If a Protection From Abuse Order is granted to the victim by a judge, the order enables victims to ask the the judge to order the abuser to stop the threatening, abusing, harassing, or stalking the victim or the victim’s children; request that the victim’s new address or location remain confidential; ask for the temporary custody of children; ask for temporary spousal or child support; ask to be paid back for expenses that the victim had as a result of the abuse; ask the judge to prohibit the abuser from contacting the victim, victim’s children, or family members; ask the judge to order the abuser to turn over any firearms or other weapons; ask for the judge to order “any other appropriate relief” like the return of a pet, important papers, or car keys; as well as ask the the judge to make the abuser leave the home or house regardless of whether there is joint ownership. (pcadv.org) Additionally to the benefit of the victim, the PFA Act says that PFA orders are free for the person seeking protection. (pcadv.org) This aspect of the process can be extremely beneficial to victims that socioeconomically restrained and/or dependent on their partner for financial assistance. In most cases, the defendant will be responsible for paying for all or part of the PFA cost. Otherwise the county must pay. (pcadv.org) The order can go up until and including three years.

Also, PFA and protection orders are valid across state lines. A PFA order from Pennsylvania is valid in every county in Pennsylvania, every state across the country, and on tribal lands. Protection orders from other states or tribal courts are also valid in Pennsylvania. This is because the Violence Against Women Act (VAWA), a federal law that protects victims of domestic violence, makes all states honor other courts’ protection orders. (pcadv.org) A victim who has a Protection From Abuse Order does not have to register it as they move to different counties or states for it to be valid, but registering it with the local courthouse may be helpful. Registering it allows for police to quickly verify the order and respond faster to if an abuser violates it. On the downside, some states will notify the defendant when the the victim registers a PFA order in a new county or state. So, if the victim does not want the abuser to know where they are, they may not want to register the PFA.

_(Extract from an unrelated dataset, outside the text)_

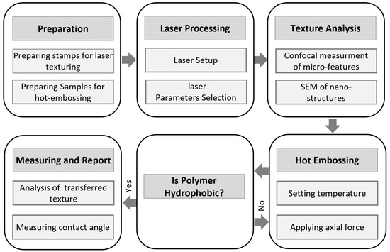 To overcome these challenges, laser processing technology proves to be an effective technique for producing surfaces with nano- and micro-structures [9,10]. During the laser ablation process, the target material absorbs laser energy, melts, and evaporates, which causes morphological changes inside and around the ablation area [11]. Through the laser ablation process, different structures can result in hydrophobicity [12]. In one study, hydrophobicity on AISI 430 stainless steel was achieved in three laser patterns: octagonal donut patterns, ellipses at 90° angles, and a dimple array. The structure of ellipses at 90° angles showed a contact angle of 98° [13]. Both the structure type and the laser parameters are extremely important in producing hydrophobicity. The surface transitioned from hydrophilic to hydrophobic and eventually became superhydrophobic when laser processing was conducted at the highest repetition rate [14]. The stability of hydrophobicity on laser-textured surfaces is another criterion that is influenced by the laser fluence. It is shown that structured surfaces achieve stable hydrophobic conditions when the peak fluence exceeded a threshold, resulting in final contact angles above 140°. Conversely, when the fluence was below this threshold, the surface initially became hydrophobic, reaching a maximum contact angle, but its hydrophobicity diminished over time [15]. Although direct laser processing is a promising technique compared to other methods to produce hydrophobicity, the process represents some surface damages and it is still not an economical method for some industrial application. In the direct ablation process of polymers, a significant amount of energy is absorbed by the material, leading to heating, boiling, vaporization, and the formation of pores. These pores observed that the following laser ablation can be attributed to the rapid cooling of the superheated melt after intense boiling [16]. The presence of pores can negatively impact the performance of a final part, particularly if it is intended for use in harsh and abrasive environments. Therefore, the selection of laser parameters significantly influences the final performance. For instance, in terms of hydrophobicity, polymers exhibit different responses to various laser parameters. For example, PEEK displays varying contact angles depending on the laser wavelength: untreated PEEK has a contact angle of 92.4°, and laser treatment yield angles of 59.5° at 1064 nm, 131.0° at 532 nm, and 52.5° at 355 nm [17]. Therefore, a much more robust process is desirable. Combining laser processing with other methods, for example, hot embossing could be an alternative for producing hydrophobicity. Hot embossing is an intriguing process due to its ability to replicate fine micro- and nano-scale details with high precision and cost-effectiveness compared to other microfabrication techniques. It accommodates a variety of thermoplastic materials and can be scaled from small to large production volumes, making it suitable for industrial manufacturing. The process enhances material properties, such as lubricity. Advances in hot embossing technology have reduced cycle times and improved efficiency, enabling faster quicker production and lower costs [18].

In the event of a violation, the victim can contact the police, and the charged abuser can and may be arrested for indirect criminal contempt. However, the abuser may be released before the hearing, so victims should consider talking to a domestic violence advocate about steps to take to stay safe. (pcadv.org)

The information provided above was and is designed to assist victims of abuse as well as those who want to use this information to help free someone else of a dangerous situation. Information can change your situation, so if this information or order can be of any benefit to you or a loved one then the deed is done.